Le misure dispensative sono scelte didattiche. Esse permettono all’alunno con DSA di evitare delle prestazioni scolastiche che potrebbero rivelarsi fallimentari a causa del disturbo. Le misure dispensative sono quindi interventi che consentono al bambino di affrontare con più serenità il proprio percorso di apprendimento. Si pensi alla dispensa dalla lettura in classe ad alta voce. Un bambino dislessico che decodifica le parole tramite sillabe, non trae alcuna utilità nel leggere un lungo brano. L’esercizio per via del disturbo comporterebbe per lui un eccessivo affaticamento cognitivo con una ricaduta negativa a livello emotivo.

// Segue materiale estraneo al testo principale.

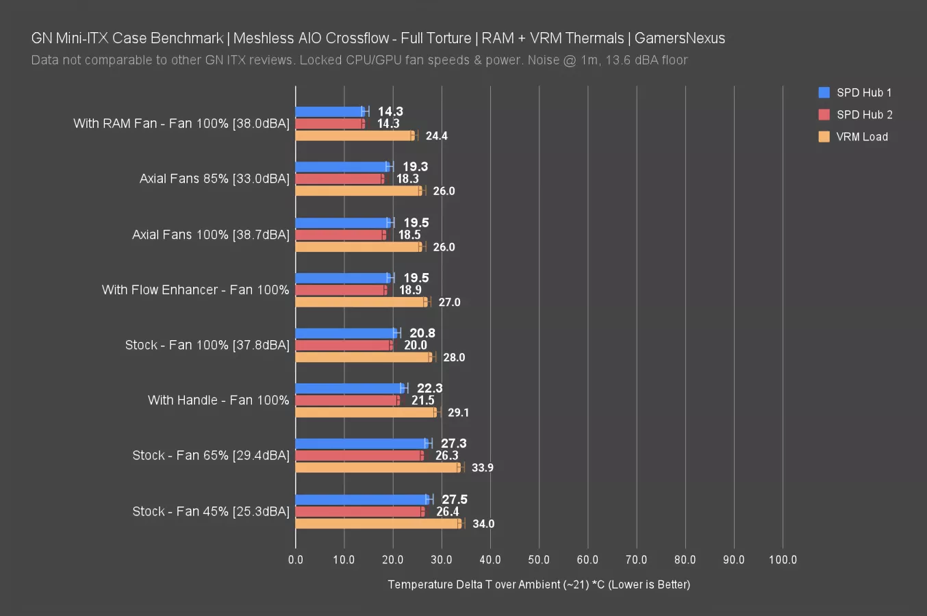 The tiny RAM fan definitely does something: SPD Hub temperatures on the memory dropped to 14 degrees over ambient when using it with the cross-flow fan with the memory fan, which is an impressive reduction of 5-6 degrees against the most relevant results. The RAM fan had a small benefit for VRM MOSFET thermals as well.
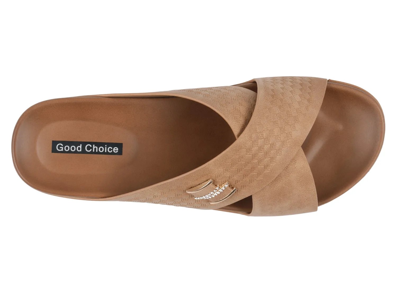 Украсьте свой повседневный образ этими элегантными босоножками Good Choice Carter на танкетке. Эти босоножки без застежек, украшенные гладкими перекрещивающимися ремешками и изящной текстурой, дополнены металлическим акцентом, который добавляет им нужное количество блеска. Мягкая стелька обеспечивает комфорт в течение всего дня.
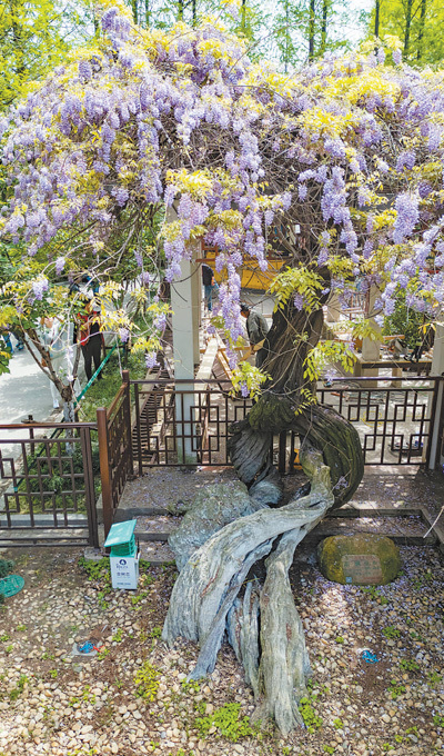 郑和公园在明代是郑和家的花园所在,见证了岁月变迁。但在历史的长河中,由于战乱或者自然原因,许多庭院和园林毁坏荒芜了,古树名木也在风雨中艰难生长。新中国成立后,许多私家园林打开院门,建设成公园,附近群众自发对古树名木进行照护。1982年,当时的国家城建总局印发《关于加强城市和风景名胜区古树名木保护管理的意见》。1984年,《南京市园林绿化管理规定》发布,明确对南京的古树名木要重点管护,严禁破坏。2011年,《南京市古树名木保护和管理办法》出台。这株紫藤由郑和公园负责日常养护,每天两次巡逻,包括清理杂草、检查外观等,每月还有两次专业检查,第三方公司带着养护工具上门,修剪枯枝、上药防虫,清理空洞。
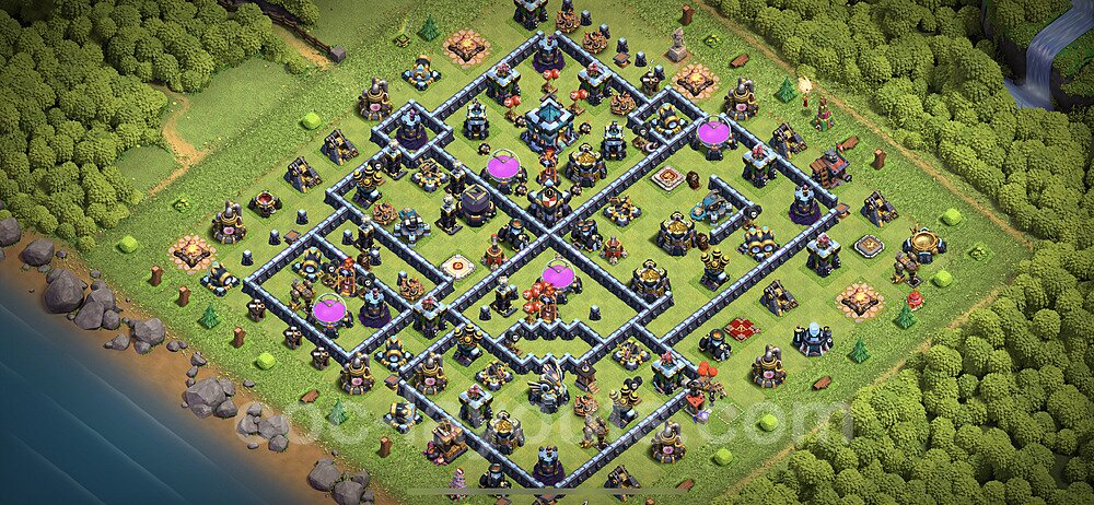 This Town Hall 13 hybrid base offers the best of both worlds - strong resource protection combined with effective trophy defense. The versatile design makes it an excellent choice for players who want to protect their loot while maintaining their trophy count. This balanced approach ensures you don't sacrifice one aspect of defense for another, making it ideal for active players across all league levels. The hybrid layout features centralized resource storages alongside a well-protected Town Hall, with multiple defensive layers that deter both farming raids and trophy pushers. High-value targets are strategically positioned within overlapping defense ranges, forcing attackers to make difficult choices about which objectives to prioritize. The compartmentalized design prevents attackers from easily achieving both loot destruction and the Town Hall kill in a single attack. Defense placement in this hybrid base creates strong coverage against both ground and air attacks. Inferno Towers, X-Bows, and Eagle Artillery work in concert to eliminate threats quickly, while splash damage defenses like Wizard Towers and Bomb Towers counter swarm strategies. The base's funnel-resistant design and strategic trap placement make it effective against popular attack strategies including QC LaLoon (Queen Charge Lava Hound Balloon), Blizzard attacks, and Yeti Smash compositions.

Le misure dispensative vengono indicate in un primo momento dai clinici che redigono la diagnosi. Successivamente gli insegnanti stilano il Piano Didattico Personalizzato, all’interno del quale scelgono le misure dispensative più adatte, sulla base delle loro osservazioni e valutazioni.
L’alunno con DSA può essere dispensato:
- dalla lettura in classe ad alta voce
- dai tempi standard per lo svolgimento delle prove di verifica
- dallo studio mnemonico (tabelline, poesie, formule, verbi, definizioni)
- dal copiare dalla lavagna
- dal prendere appunti
- dall’uso del vocabolario.
È sempre utile dispensare un bambino con Disturbo Specifico dell’Apprendimento da determinate prestazioni?
Le misure dispensative riportate sopra sono solo alcuni esempi. L’adozione di una misura di dispensa può variare nel tempo. Possono verificarsi dei cambiamenti di esigenze, ad esempio da un anno all’altro o nel passaggio da un ordine di scuola a quello successivo.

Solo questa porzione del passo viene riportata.